In an embodiment, the attribute tag obtaining module 59 may be further configured to: and analyzing to obtain a plurality of attribute labels of the current user according to the characteristic information of the voice to be recognized. In another embodiment, the attribute tag obtaining module 59 may be further configured to: the method comprises the steps of obtaining a face image of a current user, and analyzing the face image to obtain a plurality of attribute labels of the current user.

In an embodiment, the first feedback module 53 may be further configured to: and determining the feedback sequence of the audio contents of different categories according to the attribute labels of the user.

In one embodiment, as shown in fig. 6, the first feedback module 53 may include: a calculating unit 533, configured to calculate similarities between the multiple attribute labels of the user and feature information of different categories of audio content; and the order feedback unit 534 is used for feeding back a plurality of different categories of audio contents according to the order of the similarity from big to small.

In an embodiment, the calculating unit 533 may be further configured to: respectively calculating the single-dimensional similarity between each attribute label of the user and the corresponding characteristic information of the audio content; and weighting the single-dimensional similarity to obtain the similarity between the attribute labels of the user and the feature information of the audio contents of different categories.

Exemplary electronic device

Next, an electronic apparatus according to an embodiment of the present application is described with reference to fig. 7. The electronic device may be either or both of the first device and the second device, or a stand-alone device separate from them, which stand-alone device may communicate with the first device and the second device to receive the acquired input signals therefrom.

FIG. 7 illustrates a block diagram of an electronic device in accordance with an embodiment of the present application.

As shown in fig. 7, the electronic device 10 includes one or more processors 11 and memory 12.

The processor 11 may be a Central Processing Unit (CPU) or other form of processing unit having data processing capabilities and/or instruction execution capabilities, and may control other components in the electronic device 10 to perform desired functions.

Memory 12 may include one or more computer program products that may include various forms of computer-readable storage media, such as volatile memory and/or non-volatile memory. The volatile memory may include, for example, Random Access Memory (RAM), cache memory (cache), and/or the like. The non-volatile memory may include, for example, Read Only Memory (ROM), hard disk, flash memory, etc. One or more computer program instructions may be stored on the computer-readable storage medium and executed by the processor 11 to implement the voice interaction methods of the various embodiments of the present application described above and/or other desired functions. Various contents such as an input signal, a signal component, a noise component, etc. may also be stored in the computer-readable storage medium.

In one example, the electronic device 10 may further include: an input device 13 and an output device 14, which are interconnected by a bus system and/or other form of connection mechanism (not shown).

For example, when the electronic device is a first device or a second device, the input device 13 may be a camera for capturing an input signal of an image. When the electronic device is a stand-alone device, the input means 13 may be a communication network connector for receiving the acquired input signals from the first device and the second device.
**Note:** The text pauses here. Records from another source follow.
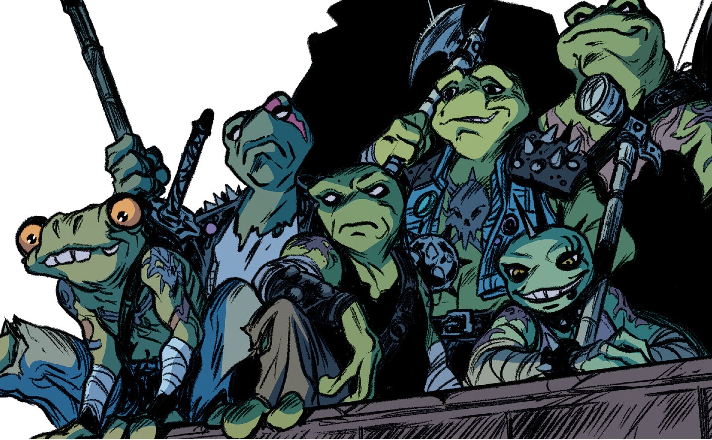 Arrivées sur le territoire des batraciens, il devenait clair qu’aucune discussion n’était possible. Les grenouilles leur sautaient dessus, voyant que les reptiles avaient des armes en main. Elles ne croyaient pas en la discussion prétextée. Un nouveau combat s’engageait. Donatello se faisait prendre la cheville dans le lasso d’un fouet et jeté hors du toit de l’immeuble avec Alopex. Ils atterrissaient dans une maison voisine.
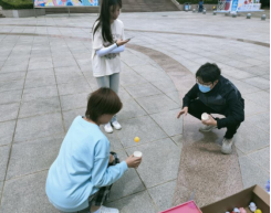 展架前,设置了“友谊徽章”展览。学院承办的巧接乒乓球、你画我猜等互动游戏环节,让同学们在游戏的过程中放松身心,建立彼此联结,传递温暖。
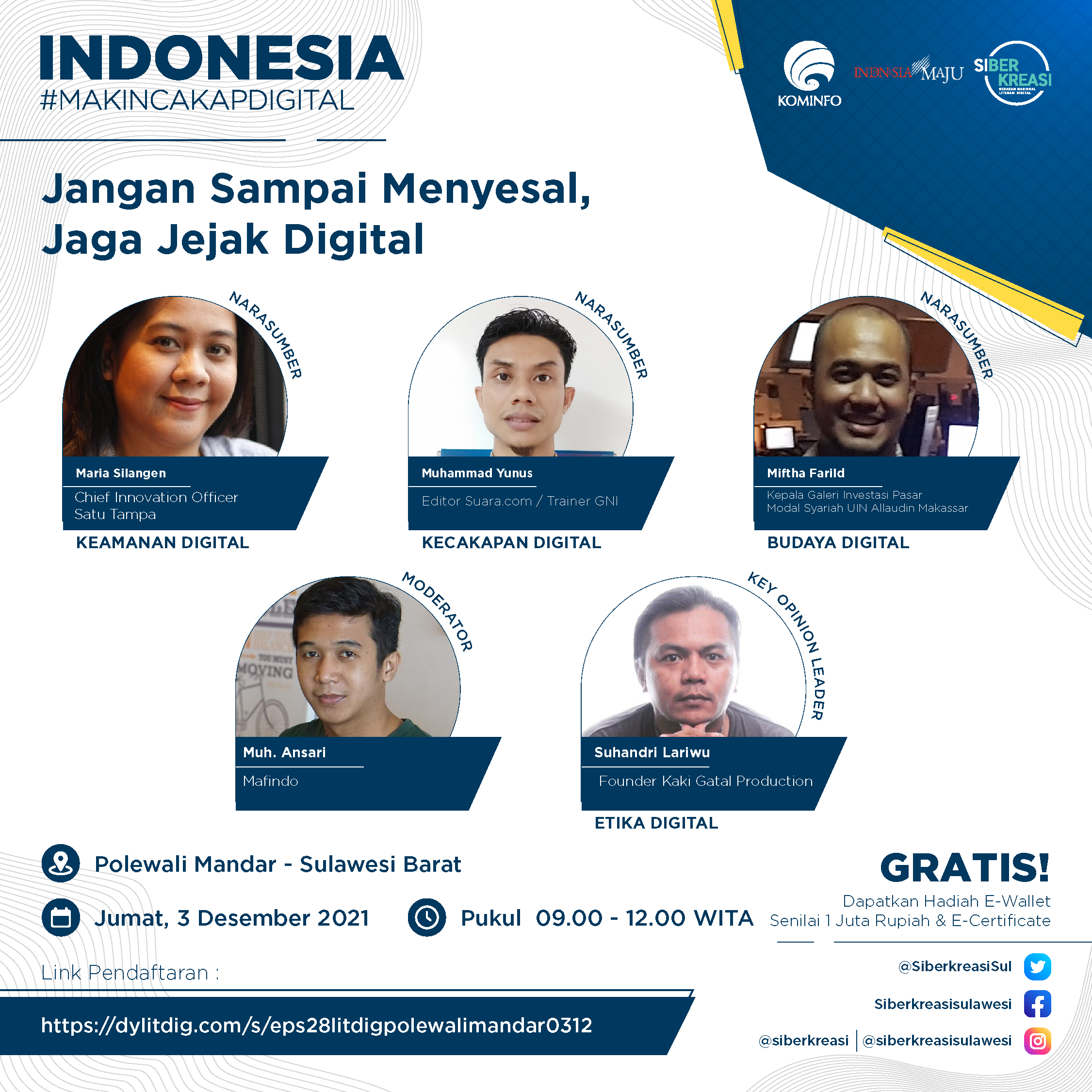Polewali Mandar, 8enam.com.-Kolaborasi Siberkreasi bersama Dyandra Promosindo, Kementerian Komunikasi dan Informatika Republik Indonesia menyelenggarakan Program Literasi Digital “Indonesia Makin Cakap Digital” di Sulawesi, secara virtual pada 3 Desember 2021 di Polewali Mandar, Sulawesi Barat dengan tema “Jangan Sampai Menyesal, Jaga Jejak Digital”.
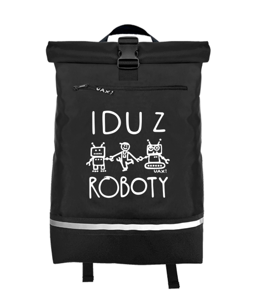 Original backpack ROLL-TOP LARGE with design 1377 IDU Z ROBOTY 2 in color BLACK
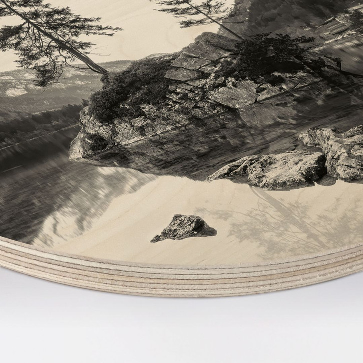 Dieses runde Holzbild fängt die zeitlose Schönheit einer alpinen Berglandschaft ein und verbindet sie mit der natürlichen Wärme von Holz. Der klare Bergsee im Vordergrund spiegelt die mächtigen Bäume und Felsen wider, die sich sanft aus dem ruhigen Wasser erheben. Die dahinterliegenden Berge, eingehüllt in Nebel, verstärken das Gefühl von Ruhe und Weite, das dieses Bild vermittelt. Die Holzmaserung fügt sich perfekt in das Bild ein und verleiht der Szene einen organischen, warmen Look.
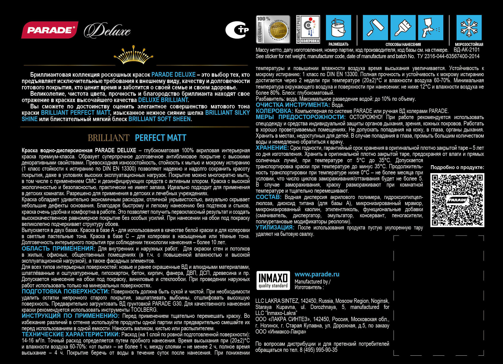 Ниже Вы можете прочитать отзывы на Краска PARADE DELUXE Brilliant perfect matt База С 0_9л, ознакомится с подробными характеристиками, посмотреть интересные обзоры и фотографии на Краска PARADE DELUXE Brilliant perfect matt База С 0_9л.
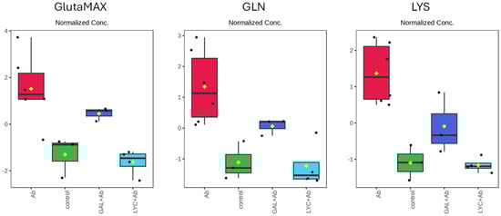 Box plots of normalized metabolite concentrations across experimental conditions. Each panel represents the distribution of a specific metabolite among the four experimental groups: Aβ42-treated (red), control (green), GAL + Aβ42 (blue), and LYC + Aβ42 (light blue). The yellow diamonds indicate the mean values, while black dots represent individual data points.

The input device 13 may also include, for example, a keyboard, a mouse, and the like.

The output device 14 may output various information including the determined distance information, direction information, and the like to the outside. The output devices 14 may include, for example, a display, speakers, a printer, and a communication network and its connected remote output devices, among others.

Of course, for simplicity, only some of the components of the electronic device 10 relevant to the present application are shown in fig. 7, and components such as buses, input/output interfaces, and the like are omitted. In addition, the electronic device 10 may include any other suitable components depending on the particular application.

Exemplary computer program product and computer-readable storage Medium

In addition to the above-described methods and apparatus, embodiments of the present application may also be a computer program product comprising computer program instructions that, when executed by a processor, cause the processor to perform the steps in the voice interaction method according to various embodiments of the present application described in the "exemplary methods" section of this specification, supra.

The computer program product may be written with program code for performing the operations of embodiments of the present application in any combination of one or more programming languages, including an object oriented programming language such as Java, C + + or the like and conventional procedural programming languages, such as the "C" programming language or similar programming languages. The program code may execute entirely on the user's computing device, partly on the user's device, as a stand-alone software package, partly on the user's computing device and partly on a remote computing device, or entirely on the remote computing device or server.

Furthermore, embodiments of the present application may also be a computer-readable storage medium having stored thereon computer program instructions that, when executed by a processor, cause the processor to perform the steps in the voice interaction method according to various embodiments of the present application described in the "exemplary methods" section above of this specification.

The computer-readable storage medium may take any combination of one or more readable media. The readable medium may be a readable signal medium or a readable storage medium. A readable storage medium may include, for example, but not limited to, an electronic, magnetic, optical, electromagnetic, infrared, or semiconductor system, apparatus, or device, or a combination of any of the foregoing. More specific examples (a non-exhaustive list) of the readable storage medium include: an electrical connection having one or more wires, a portable disk, a hard disk, a Random Access Memory (RAM), a read-only memory (ROM), an erasable programmable read-only memory (EPROM or flash memory), an optical fiber, a portable compact disc read-only memory (CD-ROM), an optical storage device, a magnetic storage device, or any suitable combination of the foregoing.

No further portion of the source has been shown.